Hello fair world of blog readers – or more likely the eager listeners inside of my own head, 

  So, I remain here, sitting in my grandmother’s house, attempting to grapple with the incongruous stream of life that has floating in and through me the past week.  The week filled with towering highs and sobering lows.  The week that reminded me how far I still need to traverse and how to enjoy the moment without worrying too much about that anxiety-ridden path.  How much beauty and love exists in my life even in the midst of dreams deferred and poverty.    

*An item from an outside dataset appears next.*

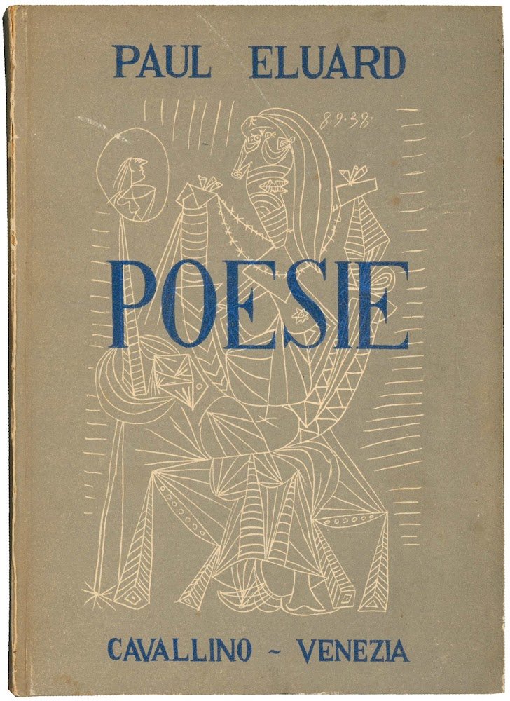 Mm. 239x168. Pp. 155 e sei tavole fuori testo (cinque ritratti ed un autografo di Eluard). Cartonato editoriale. Traduzione di Gennaro Masullo, Leone Traverso e Aldo Camerino. Prefazione “Poesia involontaria e poesia intenzionale” di Eluard. Prima edizione di 2000 copie numerate (la presente è la numero 375).

I still have thoughts about him, about the ex – the alcoholic abuser – and he stalked in the shadows of this exciting celebration of the end of my 27th year of life.  Likely, because he had such a significant role in orchestrating the festivities that accompanied my previous birthday.  And now, that I have conclusively left him, he exists to me now only as a memory, as a no contact order, and in dreams filled with pain and confusion and longing and vitriol.   I suppose that will lessen in time.  I suppose that he will continue to fade into the distance.  I hope the dreams stop. 

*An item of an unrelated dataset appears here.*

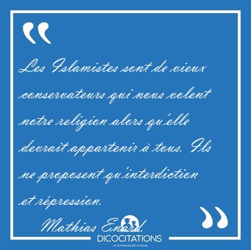 ![Les Islamistes sont de vieux conservateurs qui nous volent notre [...] - Mathias Enard... Les Islamistes sont de vieux conservateurs qui nous volent notre [...] - Mathias Enard...](/imagescitations/Les_Islamistes_sont_de_vieux_conservateurs_qui_nous_volent_notre_-_Mathias_Enard-143635.jpg)

And poverty.  The demon that always exists.  The one I thought I would escape by attending Mount Holyoke College and then becoming a doctor.  When that dream deferred and withered – when the combination of faulty neural circuitry, poor diagnostics, too many traumatic experiences, and a weakened will prevented me from completing my undergraduate degree – I had no plan B.  I had only ever wanted to do one thing with my life  – become a doctor for the poor and underprivileged – and now, instead of becoming a healer, I was and am the poor and underprivileged.  Existing below the poverty line.  Depending on the kindness of friends, family, and a backwards social services system to get my basic needs met and to experience exultant events such as the one that transpired this weekend.  I had always wanted to be financially independent, but without a degree, without letters next to my name, and with 10 years of medical mismanagement uprooting seedlings of opportunity, I have found such a dream to be unobtainable, at least for now.  Oh, well.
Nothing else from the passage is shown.